Morphologically Annotated Korean Text
|Item Name:||Morphologically Annotated Korean Text|
|LDC Catalog No.:||LDC2004T03|
|Release Date:||February 16, 2004|
|Application(s):||morphology learning, morphology, finite state technology, natural language processing, parsing|
LDC User Agreement for Non-Members
|Online Documentation:||LDC2004T03 Documents|
|Licensing Instructions:||Subscription & Standard Members, and Non-Members|
|Citation:||Han, Na-Rae. Morphologically Annotated Korean Text LDC2004T03. Web Download. Philadelphia: Linguistic Data Consortium, 2004.|
Morphologically Annotated Korean Text was produced by Linguistic Data Consortium (LDC) catalog number LDC2004T03 and ISBN 1-58563-284-8.
This is a collection of Korean text with annotated morphological analysis and part-of-speech tags. The source text was extracted from the Korean Newswire corpus. The newswire corpus is a collection of Korean Press Agency news articles from June 2, 1994 to March 20, 2000. The portion included in this release consists of a small number of hand-picked articles.
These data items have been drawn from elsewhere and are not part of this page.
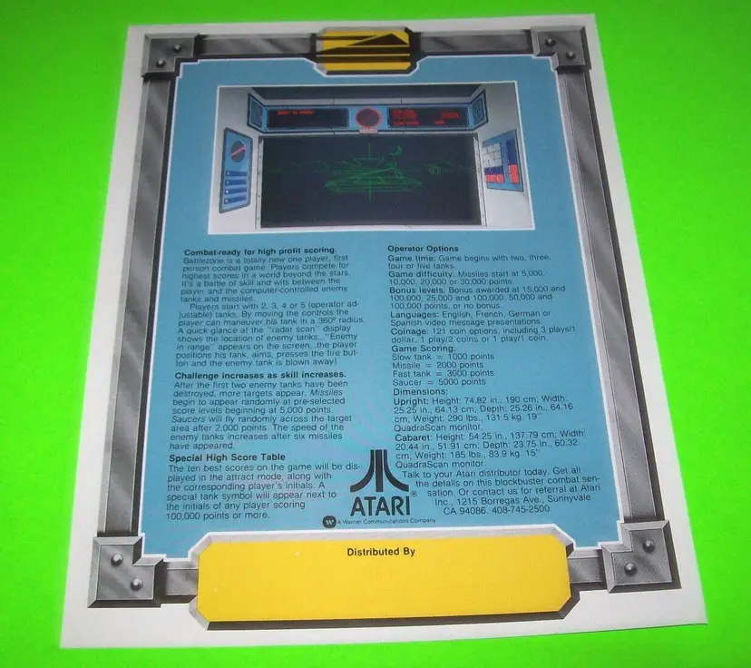 Original: Paper Promotional Advertising Flyer Arcade: Flyer Modified Item: No Country/Region of Manufacture: United States Original/Reproduction: Original Theme: Retro Gaming Year: 1980 Game Title: BattleZone Brand: Atari
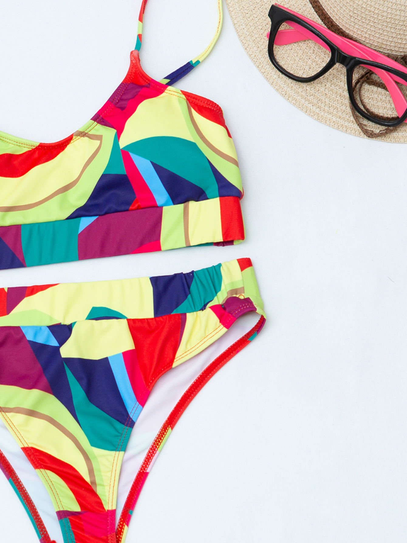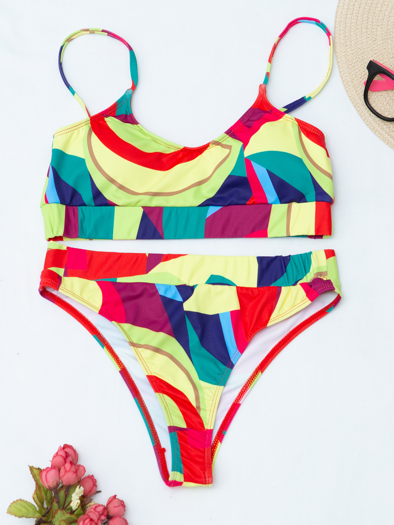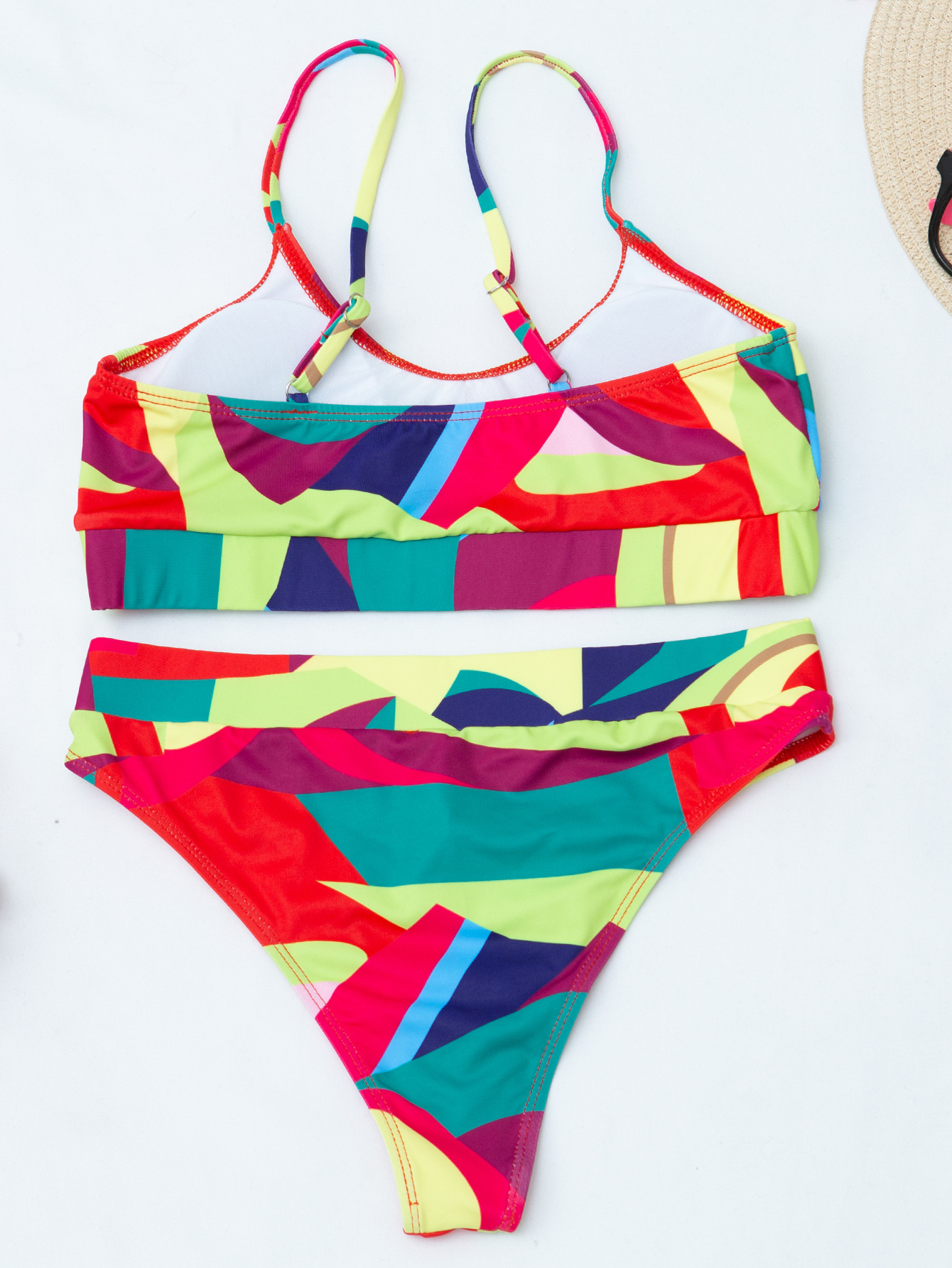 Ladies Color Printing Stitching Contrast Color Two-piece Swimsuit
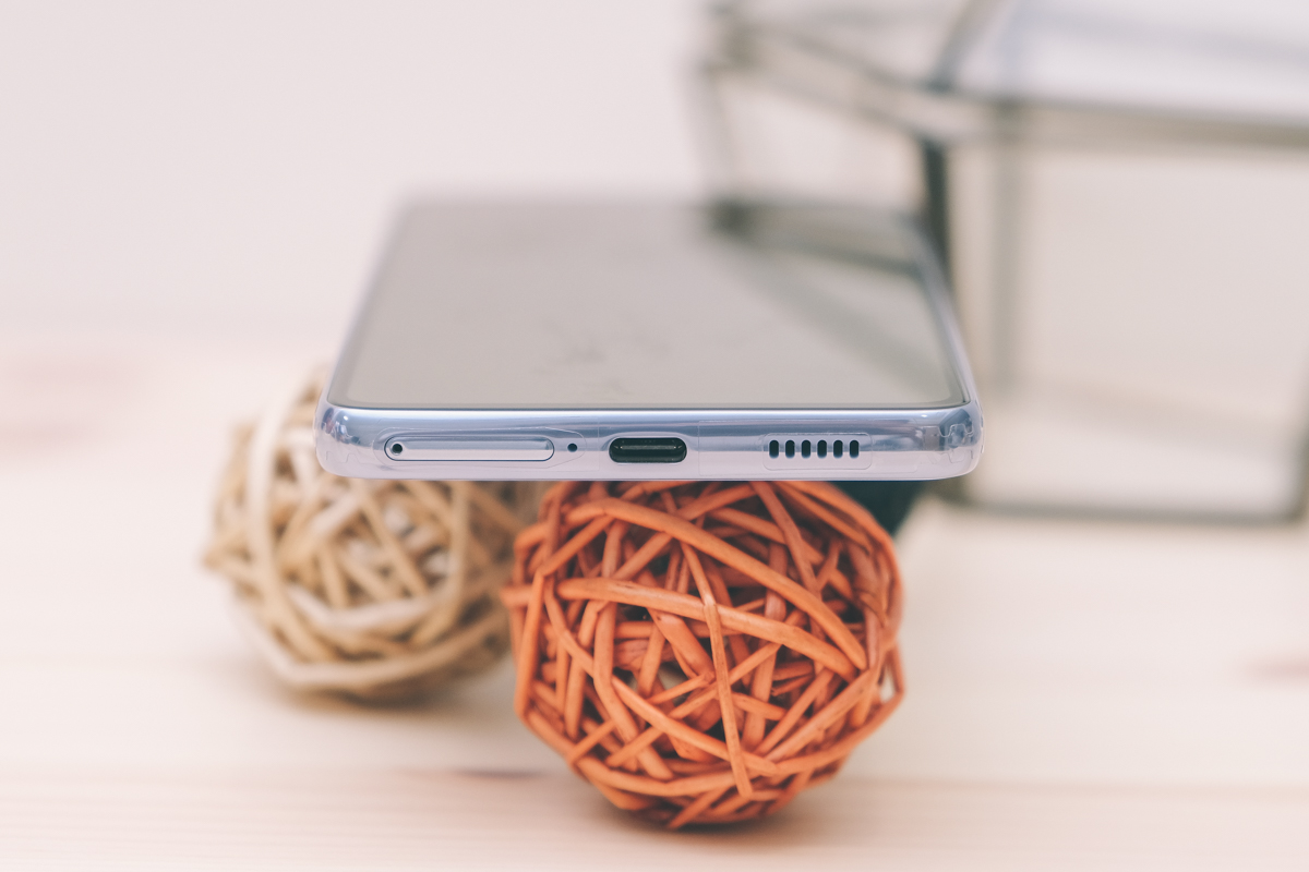 下方為 SIM 卡槽(含 Micro SD)、USB-C 連接充電埠(支援 25W 超快速充電)、揚聲器。

The corpus is part of the Korean Treebank Phase 2. Between 2001 and 2002, the project was conducted under subcontract from Cogentex Inc., sponsor number Cogentex 5-33436. The text was tokenized and then automatically analyzed using Klex. Since there can be multiple possible morphological analyses, the output was fed through a statistical ranking system in order to select the best possible analysis for the word in the text environment. The part-of-speech tagged result was then manually corrected by Seung-yun Yang and Na-Rae Han, graduate students in the University of Pennsylvania Linguistics Department.
DataThe data consists of one single file, totalling approximately 880KB in uncompressed form.
The text contains 1,574 sentences with 41,024 words and 77,173 morphemes in total. The text file is in ksc-5601 encoding. Characters in Hangul (Korean alphabet) can be displayed with Korean X-terminals such as hanterm, or by selecting Korean encoding in common web browsers such as Netscape or Internet Explorer.
The data is formatted as follows: one head word per line, the word and its morphologically analyzed output are separated by a tab. Each morpheme is followed by "/" and its part-of-speech; morphemes are separated by "+". ^EOS is a special symbol denoting the end of a sentence.
Morphologically analyzed and part-of-speech tagged data can be useful in the following applications: training of statistical morphological analyzers and part-of-speech taggers, evaluation of pre-existing morphological analyzers and part-of-speech taggers.
There are no updates available at this time.
The Morphologically Annotated Korean Text corpus was funded in part through a 5-year grant (BCS-998009, KDI, SBE) from the National Science Foundation via TalkBank, an interdisciplinary project to foster research and development in communicative behavior by providing tools and standards for analysis and distribution of language data. Additional funding was provided by Linguistic Data Consortium.